See Applying QualMix to Your Own Work for a brief demonstration of applying the method proposed in the paper to your own data. If you do use this approach, I only request that you please cite the paper. You are welcome to adapt the code I wrote for this project, but please note the GPL3 license. I am working on a R package that will implement this method more efficiently.

If you encounter any issues or have any questions, please do not hesitate to let me know! Please see File Descriptions below for a description of all the files contained in this repository.

Required Packages

Please see install_packages_qualmix_app.R, install_packages_qualmix_common.R, and install_packages_qualmix_app.R in the install_packages/ folder for installation scripts for all required packages for the simulation analysis and application parts of the analysis.

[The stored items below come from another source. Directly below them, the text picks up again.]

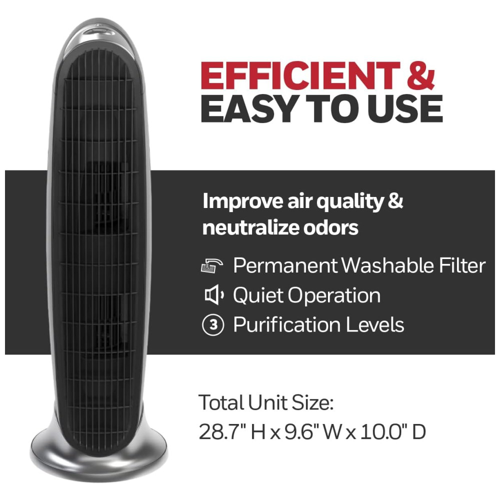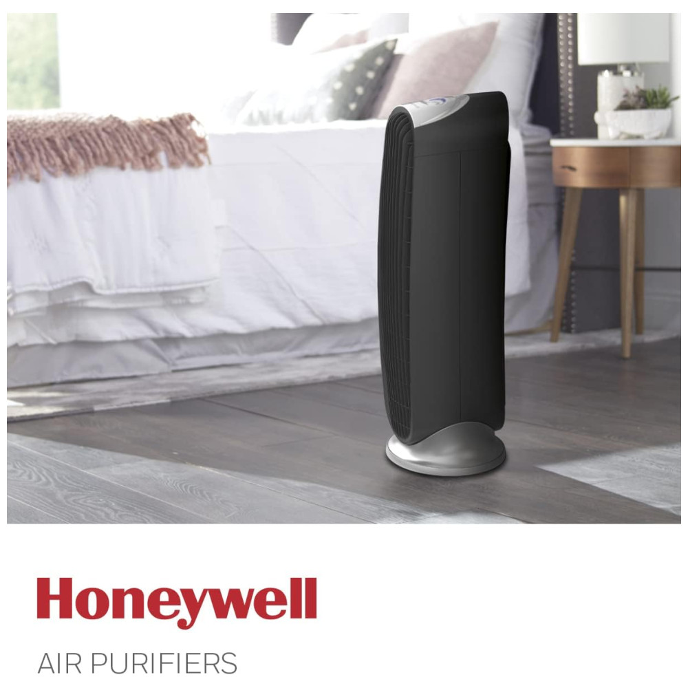 OSCILLATING AIR PURIFIER This air purifier circulates air helps capture up to 99 of airborne particles as small as 2 microns such as smoke, dust, pollen, and pet dander from the air that passes through the filter. PERMANENT FILTERS This tower air purifier features 3 cleaning levels, on, off oscillation control washable permanent pre filter Clean filter. Its Energy Star certified for energy efficiency. HONEYWELL QUALITY REPLACEMENT FILTERS The included filter helps reduce odors and VOCs. Each air purifiers performance is tested as a system with the filters for best efficiency. FILTER CIRCULATE Honeywell Air Purifiers filter circulate air in the stated room size up to 5 times an hour. Breathe easy knowing the air in your home is fresher cleaner with fewer allergens. HONEYWELL QUALITY Improve your air quality neutralize odors for a clean healthy breathing experience year round with Honeywell replacement filters for air cleaners purifiers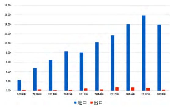 2009—2018年我國含硅量≥99.99%的硅(HS28046190)進、出口量統(tǒng)計(萬t)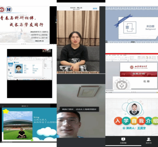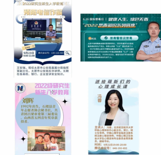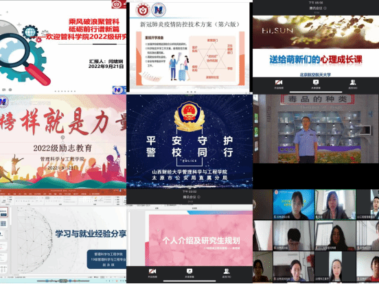 团委书记结合研究生学籍管理及生涯规划,学习了研究生管理手册,引导新生从现在开始规划好自己的研究生活,不负韶华。北京航空航天大学心理咨询中心冯蓉副教授为新生进行心理健康教育,鼓励学生塑造阳光心态 成就更好自己。太原市强制隔离戒毒所管理科长刘利民警官和太原市公安局直属分局指挥室副主任王安瑞警官结合详实的工作案例,分别从禁毒知识和预防电信诈骗为大家上了一堂安全教育课,呼吁大家谨防诈骗、远离毒品,共同为营造和谐平安的校园环境贡献力量。山西省五四青年奖章获得者刘辉结合自己多年的志愿服务经历,号召大家都参与到奉献友爱的志愿服务中。就职于中国烟草的郭彦凯、国家税务总局的任文瑾、阳城县西河乡党办的初雯昕、之江实验室的赵泳琪和在华北电力读博的杨坤,5位杰出校友分别结合自身经历从读博、人才引进、考公、民企等为大家传授经验。9月24日下午的,班级主题班会“青春与科研相伴、成长与挚友同行”,辅导员与大家一同学习了《高校新冠肺炎疫情防控技术方案(第六版)》具体内容。97名同学精心准备了自我介绍与研究生规划,增进了班级凝聚力。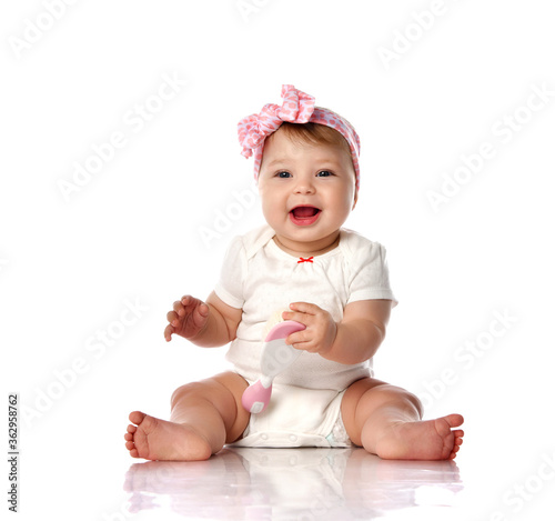 infant, children, baby, happy, smiling, positive, girl, female, daughter, cute, white, little, children, sitting, smile, decoration, stylish, bow, toy, holding, studio, face, laugh, childhood, happiness, sweet, healthy, joy, fun, body, jumpsuit, human, person, care, family, portrait, pretty, innocence, expression, emotion, cheerful, newborn, floor, love, funny, barefoot beach, children, heel, toddler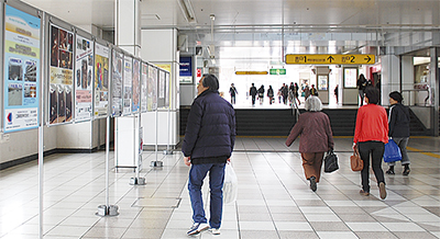当日は、建設会社や畳店など、13の企業・団体がパネルを展示。同駅を利用した人が足をとめ、興味深そうに眺める姿が見られた。展示を見た人は、「地元の企業のことがわかるのがいいですね」と話した。

R and package versions used for analysis in paper:

  • R: 4.3.0
  • Tidyverse 2.0.0 packages:
    • {dplyr_1.1.2}
    • {ggplot2_3.4.2}
    • {haven_2.5.2}
    • {purr_1.0.1}
    • {tidyr_1.3.0}
    • {tibble_3.2.1}
  • {here_1.0.1}
  • {pROC_1.18.0}
  • {philentropy_0.7.0}
  • {gtools_3.9.4}
  • {stringdist_0.9.10}
  • {rstan_2.21.8}
  • {Cairo_1.6-0}
  • {cmdstanr_0.5.3}
    • cmdstan: 2.32.1
  • {labelled_2.11.0}
  • {doParallel_1.0.17}
  • {RColorBrewer_1.1-3}
  • {xtable_1.8-4}

Replication

Backchecking = Reinterviewing

In my native discipline, the process of reinterviewing is often referred to as “backchecking.” During the work for this project and initial drafts, the paper retained this terminology. Because JSSAM is a general survey methodology journal, however, in consultation with the editors, I chose to change to “reinterviewing” throughout the paper, as “backcheck” is not frequently used in the survey methodology literature. As the code for this project was written before this change, the file and object names in the scripts still use the word backcheck (or variations thereof). Whenever you see “backcheck,” you can insert “reinterview.”

Paper Results Replication

To replicate the analysis presented in the main paper and supplementary appendix, please follow these steps:

  1. Clone this repository to your computer.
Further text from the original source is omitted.